Then came the busy phone day as word filtered out. In 5 minutes the coup leader was trying to walk it back- “She didn’t mean that.” Did she not tender her resignation? “Umm… yes.” What about accepted do you not understand?
There was also a substantial amount of concern on the local front. I took every call.
Because it was a big deal I called a special meeting of the Executive Committee which I packed with my votes (do I look like an imbecile to you? Good. Then you’ll underestimate me.) and accepted 4 or 5 sympathy resignations (tendered before the critical poll, who’s an imbecile now?) and went on to carry it. The coup leader refused to attend in a display of pique.
Now we get into my parliamentary procedures. I didn’t just know the rules, I’d written a lot of them (did I mention a revolution 20 years in the making?). Within the week was a regularly scheduled Executive Committee meeting to which Locals and their members were invited and encouraged to attend. While it is customary to allow them to vote and express their opinions they are not in fact members of the Executive Committee which is closely and explicitly defined. I controlled the Agenda and Chair and the herd was a mite thinned because of my recent appointments and I should have let that pesky “New Business” slide except I was cocky and confident (only items on the Agenda may be discussed and “New Business” is entirely optional).

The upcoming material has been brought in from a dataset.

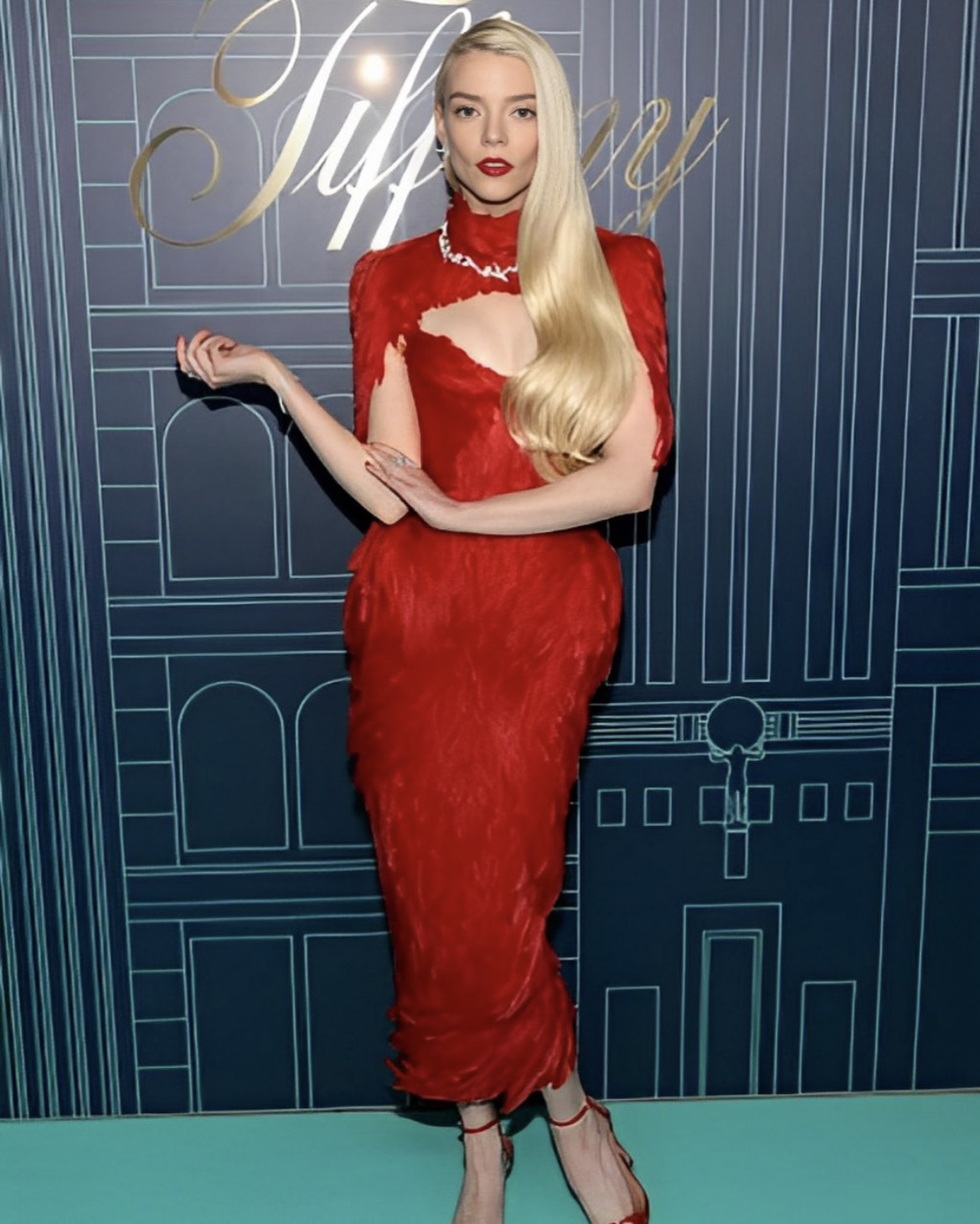 Talk about smoking haute. Anya Taylor Joy wore feathers like they’ve never been worn before. Her red feathered Dilara Findikoglu dress was quite impeccable with a delicate cutout below her neckline. This is one of the best monochromatic looks we’ve seen in a while.

So for about an hour I sat there and took it, including from the largest Local in the State (which later on supplied me with about half of my new Board).
Clearly in a “popular” vote I would have lost. This was as packed a room as this type of meeting had seen in decades. On the issue of accepting my consiglieri’s resignation the result was clear and had been confirmed at the previous Executive Committee meeting. When it was my turn to speak I pointed this out, as well as the bylaws regarding this controversy (frantic thumbing) and who, exactly, was a member of the Executive Committee (more thumbing and disappointing Whip counts) AND since the bylaws clearly stated that TWO consecutive absences without excuse constituted de facto resignation from the Executive Committee I was accepting Achilles’ (still sulking in his tent).
More thumbing and uproar.
You may think me cold and heartless, a dictator. I later found out these people had stolen thousands of dollars I had put up to keep the organization running and I am not rich. It doesn’t matter, I am cold and heartless, a dictator.
People still hate me and it’s gratifying in a way. Ultimately I’ll get the crackle, crackle but I hope they’ll display my rotting corpse long enough for them to poke me with a stick to be sure I’m dead, because it’s a bad idea to make a mistake about that.
On the Anti-Corbyn Coup
by Ian Welsh
2016 June 26
A lot of people think he’s toast. I don’t know. I hope not. He has the support of the Labour membership still, so far as I am aware. If I were him, I’d call their bluff. Indeed, I would escalate and say that re-selection is now on the table. Purge the party of the disloyal MPs who don’t follow the party’s will.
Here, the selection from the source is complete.